If M is a finite monoid and $\displaystyle au=bu$ in M implies that $\displaystyle a=b$, show that $\displaystyle u$ is a unit.

with hints: If $\displaystyle M=\{a_1,\cdots a_n\}$ show that $\displaystyle a_1u,\cdots , a_nu$ are distinct.

Attempt:

If $\displaystyle M=\{a_1,\cdots a_n\}$ then by definition it has an identity element $\displaystyle e$. Then, because M is finite, there will be an element which will map to the identity of M. Each $\displaystyle a_1u\cdots a_nu$ will be distinct as for every $\displaystyle a_n$, u will map it back to itself. Thus, $\displaystyle au=bu$ which, because $\displaystyle u$ will map $\displaystyle a$ to itself $\displaystyle a(e)=b(e)$ and $\displaystyle a=b(e)$ so $\displaystyle u$ must be a unit.

Thanks guys!
• Oct 22nd 2009, 03:50 AM
clic-clac
Hi

What you have to prove is: $\displaystyle \exists b\in M\ \text{s.t.}\ bu=e.$

To show the hint, just use that $\displaystyle au=bu\Rightarrow a=b,$ (for instance prove it by contraposition).

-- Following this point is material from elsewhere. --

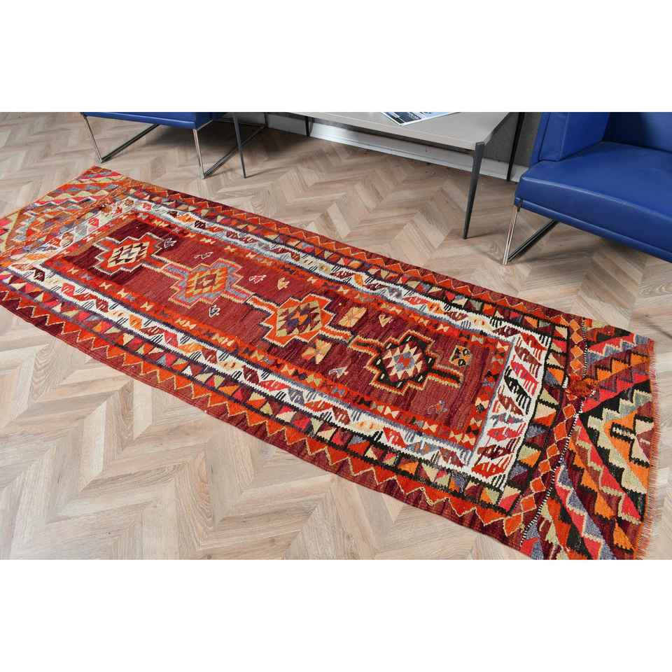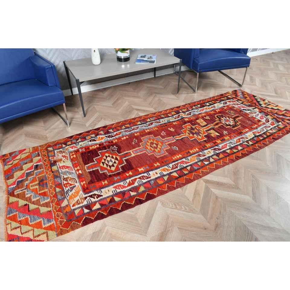 Alfombra Turca Vintage de Lana 3.2x9.2 pies (97x281 cm) con Respaldo de Látex Ecológico, Kilim Rojo Naranja con Diseño de Patchwork

Assume you've proved it. Show that $\displaystyle M=\{a_1u,...,a_nu\}$ (using a property of finite sets)

Therefore $\displaystyle e\in M$ means $\displaystyle e\in \{a_1u,...,a_nu\}$. Can you conclude?
• Oct 22nd 2009, 09:10 PM
sfspitfire23
would it suffice to create a cayley table with elements 1,a,b and show that a and b both have an inverse? ugh, where would i go from there?

thanks, really appreciate it
• Oct 22nd 2009, 11:12 PM
clic-clac
I don't really understand, why just $\displaystyle e,a,b$ in a Cayley table. $\displaystyle ab$ can be different from $\displaystyle e,a$ or $\displaystyle b.$

What the proof says is : the condition you have implies that the map $\displaystyle M\rightarrow M: a\mapsto au$ is injective and then surjective (because it's an injective map between sets of same finite cardinality) therefore $\displaystyle e$ has an antecedant, which is some $\displaystyle b\in M$ such that $\displaystyle bu=e,$ and we're done.